For each row of the 'Ask Posts', we take the 'created_at' and the 'num_comments' columns and add it to a list. We print the first five rows to take a look at the data.

In [9]:
result_list = []

for row in ask_posts:
    created_at = row[6]
    num_comments = int(row[4])
    result_list.append([created_at, num_comments])
    
print(result_list[:5])

[['9/26/2016 2:53', 7], ['9/26/2016 1:17', 3], ['9/25/2016 22:57', 0], ['9/25/2016 22:48', 3], ['9/25/2016 21:50', 2]]


We calculate the number of posts and comments by hour. To do this, we loop through the list we created above and extract the hour from the date. We create two dictionaries with the hours as keys, and count the number of posts for each hour, while adding the number of comments for each hour. 

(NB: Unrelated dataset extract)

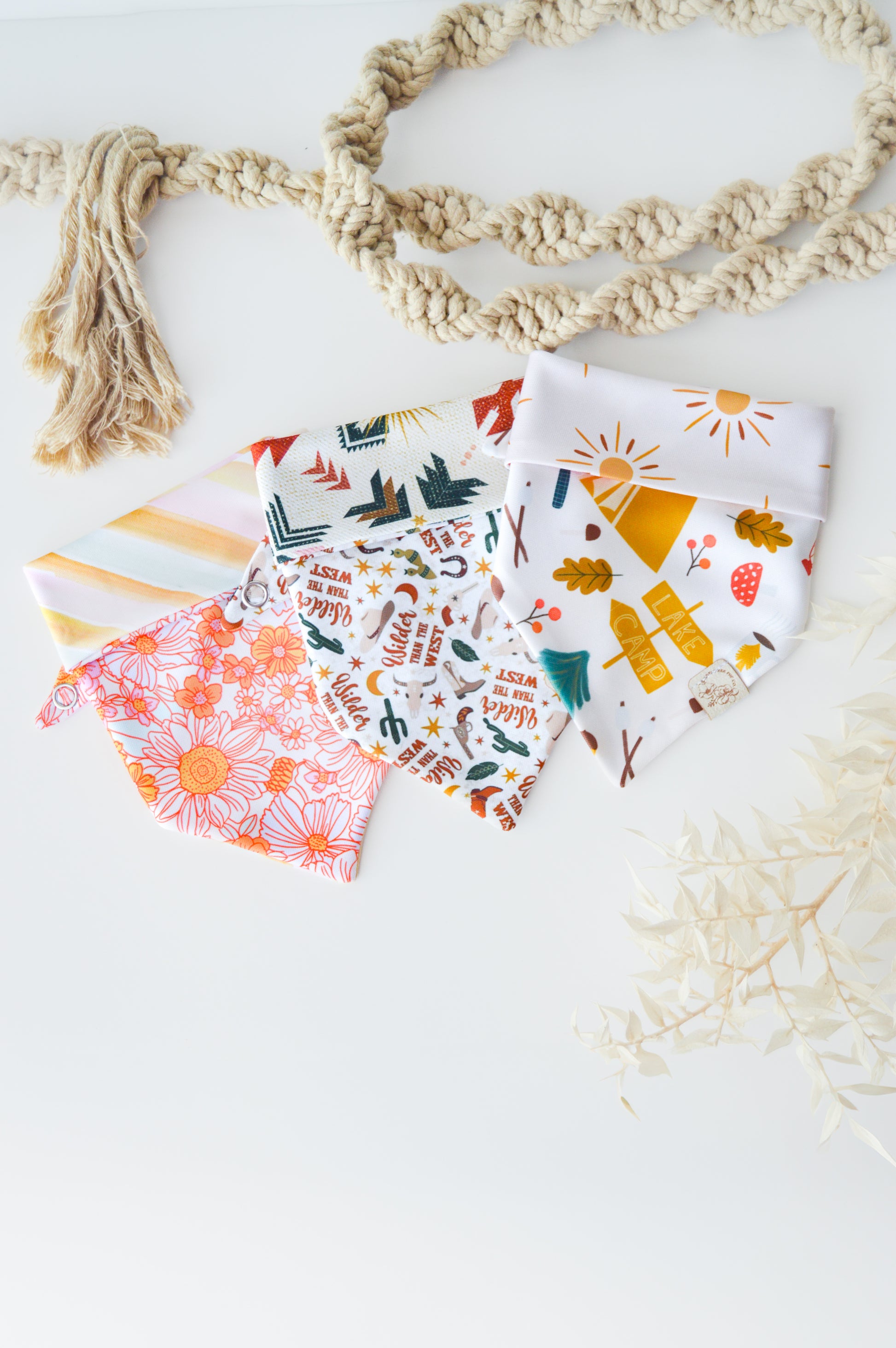 Wildflower Pup Co. bandanas feature a single snap closure allowing for easy removal but sustaining your pup's everyday adventures! Due to the hand made nature of our products, expect some variability in sizing and placement of patterns.

We print the results to get an idea of how they look.

In [10]:
counts_by_hour = {}
comments_by_hours = {}

for row in result_list:
    created_at = row[0]
    created_at_dt = dt.datetime.strptime(created_at, '%m/%d/%Y %H:%M')
    hour = created_at_dt.hour
    if hour not in counts_by_hour:
        counts_by_hour[hour] = 1
        comments_by_hours[hour] = row[1]
    else:
        counts_by_hour[hour] += 1
        comments_by_hours[hour] += row[1]
        
print('Posts per Hour: {}\n'.format(counts_by_hour))
print('Comments per Hour: {}'.format(comments_by_hours))

Posts per Hour: {2: 269, 1: 282, 22: 383, 21: 518, 19: 552, 17: 587, 15: 646, 14: 513, 13: 444, 11: 312, 10: 282, 9: 222, 7: 226, 3: 271, 23: 343, 20: 510, 16: 579, 8: 257, 0: 301, 18: 614, 12: 342, 4: 243, 6: 234, 5: 209}

Comments per Hour: {2: 2996, 1: 2089, 22: 3372, 21: 4500, 19: 3954, 17: 5547, 15: 18525, 14: 4972, 13: 7245, 11: 2797, 10: 3013, 9: 1477, 7: 1585, 3: 2154, 23: 2297, 20: 4462, 16: 4466, 8: 2362, 0: 2277, 18: 4877, 12: 4234, 4: 2360, 6: 1587, 5: 1838}


By using the two dictionaries that we created above, we can calculate the average number of comments per post by hour. We loop through one of the dictionaries to loop through all the available hours, then for each hour we divide the number of comments by the number of posts. 

We then print the results. 

In [11]:
avg_by_hour = []

for hour in counts_by_hour:
    num_posts = counts_by_hour[hour]
    num_comments = comments_by_hours[hour]
    avg_comments = round(num_comments / num_posts, 2)
    avg_by_hour.append([hour, avg_comments])
    
print('Avg. Num. of Comments per Post by Hour: {}'.format(avg_by_hour))

Avg. Num. of Comments per Post by Hour: [[2, 11.14], [1, 7.41], [22, 8.8], [21, 8.69], [19, 7.16], [17, 9.45], [15, 28.68], [14, 9.69], [13, 16.32], [11, 8.96], [10, 10.68], [9, 6.65], [7, 7.01], [3, 7.95], [23, 6.7], [20, 8.75], [16, 7.71], [8, 9.19], [0, 7.56], [18, 7.94], [12, 12.38], [4, 9.71], [6, 6.78], [5, 8.79]]


Once we have the data from above, we swap the columns so we can sort them from most average comments to lowest. We then print the top five hours.

In [12]:
swap_avg_by_hour = []

for row in avg_by_hour:
    hour = row[0]
    avg_comments = row[1]
    swap_avg_by_hour.append([avg_comments, hour])
    
sorted_swap = sorted(swap_avg_by_hour, reverse=True)

print('Top 5 Hours for Ask Posts Comments:')

for row in sorted_swap[:5]:
    comments = row[0]
    hour = row[1]
    print('{}:00: {} average comments per post.'.format(hour, comments))

Top 5 Hours for Ask Posts Comments:
15:00: 28.68 average comments per post.
13:00: 16.32 average comments per post.
12:00: 12.38 average comments per post.
2:00: 11.14 average comments per post.
10:00: 10.68 average comments per post.


**Comment:** After looking at the above results, we can conclude that, in order to have a higher chance of receiving comments for your 'Ask Posts', you should be posting at 15:00 EST, followed by 13:00 EST and 12:00 EST.